Now that the anti-profit law is a reality, there is no need to dwell on whether it should have been passed as a law. I am writing on how to soften the blow of this law on our economy.
The provision of law as in Section 171 of the GST (Goods and Services Tax) Act enables the central government to constitute an authority to monitor the prices for goods and services following introduction of GST. This is to ensure the benefit of reduction of tax or benefit in input credit is passed on to consumers in the form of commensurate reduction of prices. This job has been given to the Central Board of Excise and Customs (CBEC), the right authority to ensure uniformity.
The crucial word in the Section 171 is ‘commensurate’, which does not exactly mean equal or equivalent. They are similar words, no doubt, but not the same. So, it means when the rate of duty has fallen by four per cent, the price reduction may not be the same four per cent but commensurate, which allows taking into account the circumstances. Such circumstances are the following.
So far, of the 1,211 items for which rates have been fixed, 17 per cent are at the lower rate of 12 per cent. Along with five per cent and exempted rates, those where rates have got reduced are about 20 per cent of goods. So, for 80 per cent of goods, the rates have increased. So, the task for keeping a watch on prices is not as widespread as one would assume.
To ensure this, CBEC must begin with the manufacturers, not the traders. Unless manufacturers reduce the price, the traders cannot. And, if it is a case of a manufacturer making several products, where some have faced higher and some lower duty, then the net has to be worked out. A manufacturer will say he cannot be made to suffer a loss by not being allowed an adjustment.
To give an example, the duty on detergents has gone up from 20 to 28 per cent but that on soap has come down from 21- 24 per cent to 18 per cent. So, the owner of a factory manufacturing both would surely argue the price will be reduced or increased according to the total gain or loss of the whole factory. A company may have three factories, like Hindustan Lever making soaps and detergents, and the company will surely like to combine the losses or gains in all the factories. So, it should be combined, not factory-wise but company-wise.
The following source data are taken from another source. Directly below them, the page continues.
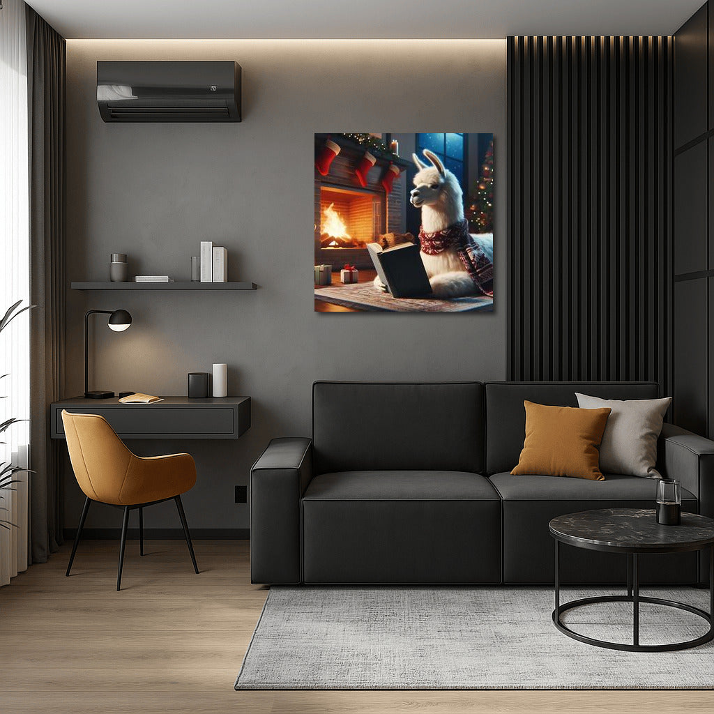Llama by the Fireplace: Reading in Warmth and Comfort Wall Art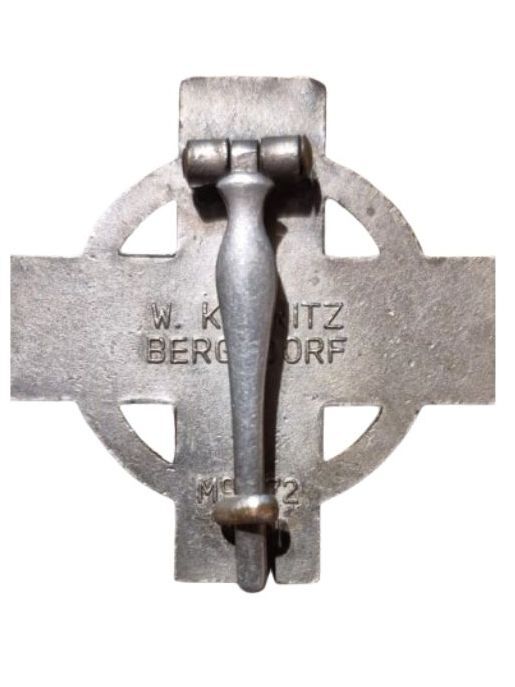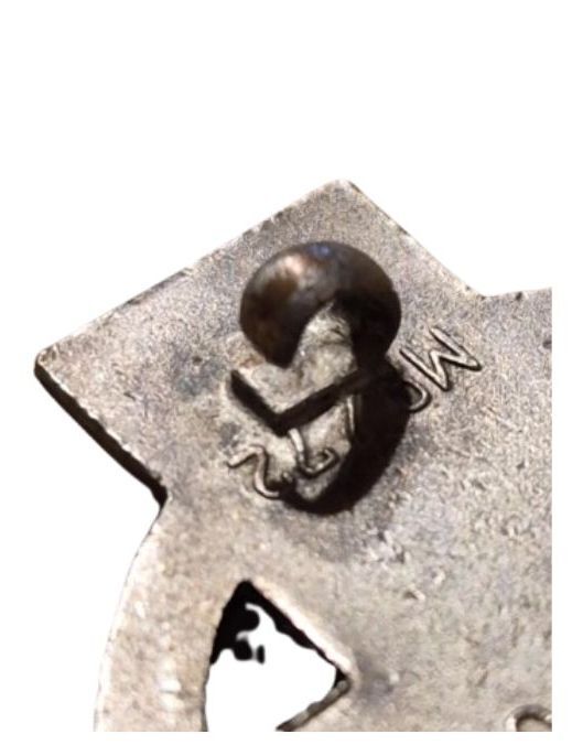 Zbieg okoliczności sprawił, że niedawno od innego kolekcjonera otrzymałam do identyfikacji zdjęcia bardzo podobnego honorowego odznaczenia, straży pożarnej I klasy III Rzeszy z lat 1936-1938 (niem. Reichsfeuerwehr-Ehrenzeichen 1. Klasse), stanowiącego nagrodę za zasługi w pożarnictwie dla czynnych strażaków, którzy wyróżnili się w straży pożarnej, ryzykując życie (zobacz i powiększ multimedia). Oryginał krzyża nie posiadał wstążki i wykonany był z posrebrzanego brązu, posiadał na awersie czerwoną emalię oraz czarną lub czerwoną swastykę. Niektóre wersje na rewersie posiadały sygnatury wytwórcy np. W. Kolwitz Bergedorf M9/72 lub W. Kolwitz (tak jak zresztą widzimy to na zdjęciach identyfikowanego przedmiotu). Rewers zdobiła także pionowa, wypukła igła stanowiąca zapięcie w kształcie agrafki (szpangi). Oryginały sygnowane W. Kolwitz posiadały rozmiar 43x43 mm.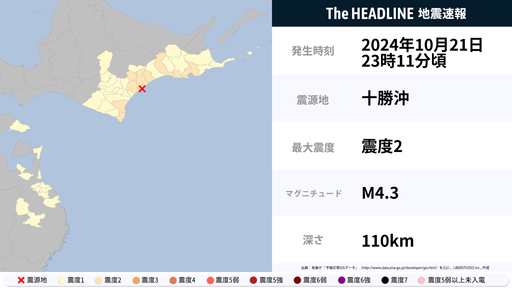 10月21日23時11分頃、北海道で最大震度2の地震を観測
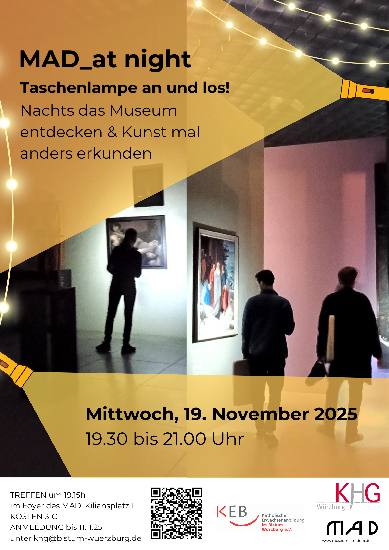 Im grauen November bringen wir Farbe in den Alltag! Wir erkunden das MAD (Museum am Dom) mit seinen Kunstwerken vom 10. bis zum 21. Jahrhundert – und zwar am Abend. Taschenlampe an und die bunten Themenwelten entdecken – was begegnet dir zwischen Skulpturen von Riemenschneider, Barlach oder Kollwitz? Was lösen die Werke von Warhol oder Haring, moderne Grafiken oder Video- und Audioinstallationen bei dir aus?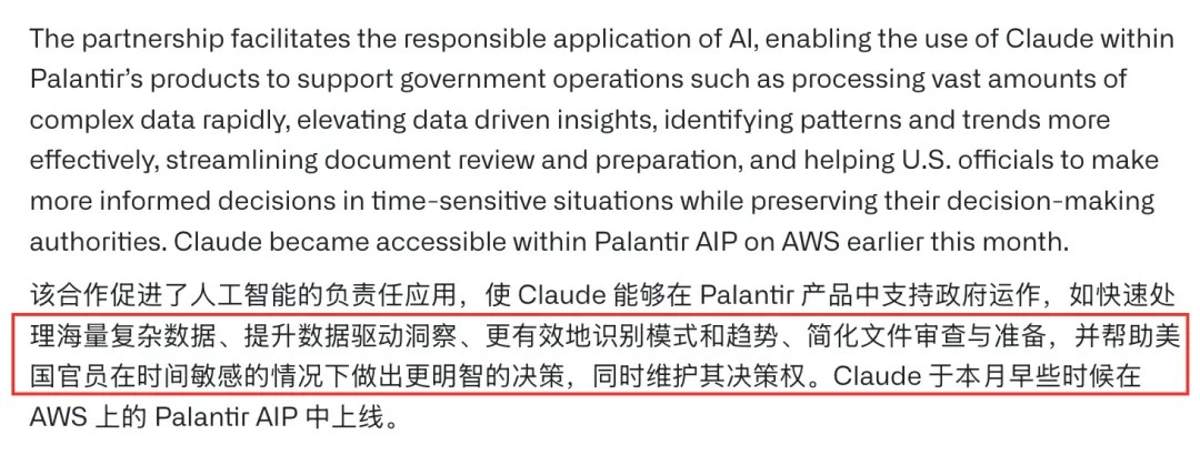 早在 24 年 11 月,Anthropic 和一家为美国军方提供大数据分析的公司 Palantir 就展开了合作,整上了个特殊的服务器,在里面运行上了政府定制版的 Claude。

For retailers, the situation is more complex. Manufacturers sell to wholesalers, who sell to smaller wholesalers, who sell to retailers. At each stage, there is a commission. Ultimately, the retailer has to take into account all these commissions. Just because the duty has gone down by, say, four per cent, they cannot reduce by four per cent. They are also bound by the MRP (Maximum Retail Price). So long as they sell within the MRP, they cannot be faulted.
And, they sell so many things in one shop. Soap, toothpaste, ice-cream, hair oil and adhesives are items where duty has gone down; it has gone up for shampoo, coffee, detergents, tea, some hair oils, some cold drinks. So, retailers selling all these will also ask for adjustments, which should be allowed. Otherwise, there will be unfairness and litigation.
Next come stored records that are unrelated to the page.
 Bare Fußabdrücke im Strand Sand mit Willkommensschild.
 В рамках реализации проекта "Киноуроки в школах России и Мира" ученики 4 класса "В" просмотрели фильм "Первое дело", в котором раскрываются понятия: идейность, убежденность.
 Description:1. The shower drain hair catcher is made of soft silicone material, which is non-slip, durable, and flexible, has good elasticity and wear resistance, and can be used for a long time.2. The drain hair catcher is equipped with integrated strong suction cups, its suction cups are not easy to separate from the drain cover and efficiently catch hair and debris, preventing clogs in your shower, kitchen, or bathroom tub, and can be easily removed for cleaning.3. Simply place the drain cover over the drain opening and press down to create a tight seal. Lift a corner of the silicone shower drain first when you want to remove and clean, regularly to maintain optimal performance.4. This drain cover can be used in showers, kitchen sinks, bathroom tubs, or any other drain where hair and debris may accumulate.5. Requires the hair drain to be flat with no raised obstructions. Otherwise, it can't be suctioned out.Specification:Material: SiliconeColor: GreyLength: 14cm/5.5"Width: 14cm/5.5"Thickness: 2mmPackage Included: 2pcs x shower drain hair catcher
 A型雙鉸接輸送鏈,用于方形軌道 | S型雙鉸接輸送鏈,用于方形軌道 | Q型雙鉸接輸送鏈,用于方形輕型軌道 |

Conclusion: Having passed a retrograde law, the only way for the government to mitigate its impact is to make rules which will be followed by CBEC. Without the rules, the officers can go haywire and ruin the GST party. CBEC must consult industry and trade associations like Confederation of Indian Industry, Ficci, etc, and so formulate the rules to make these more user-friendly.
Rules should have the following attributes:
1. Rules must clearly say commensurate is not equal
2. Commensurate should take into account all increases and decreases of duty in a company on a combined basis, not item-wise.
3. Rules must be liberally, not strictly interpreted
If this is done, the rigours of this draconian law will be mitigated.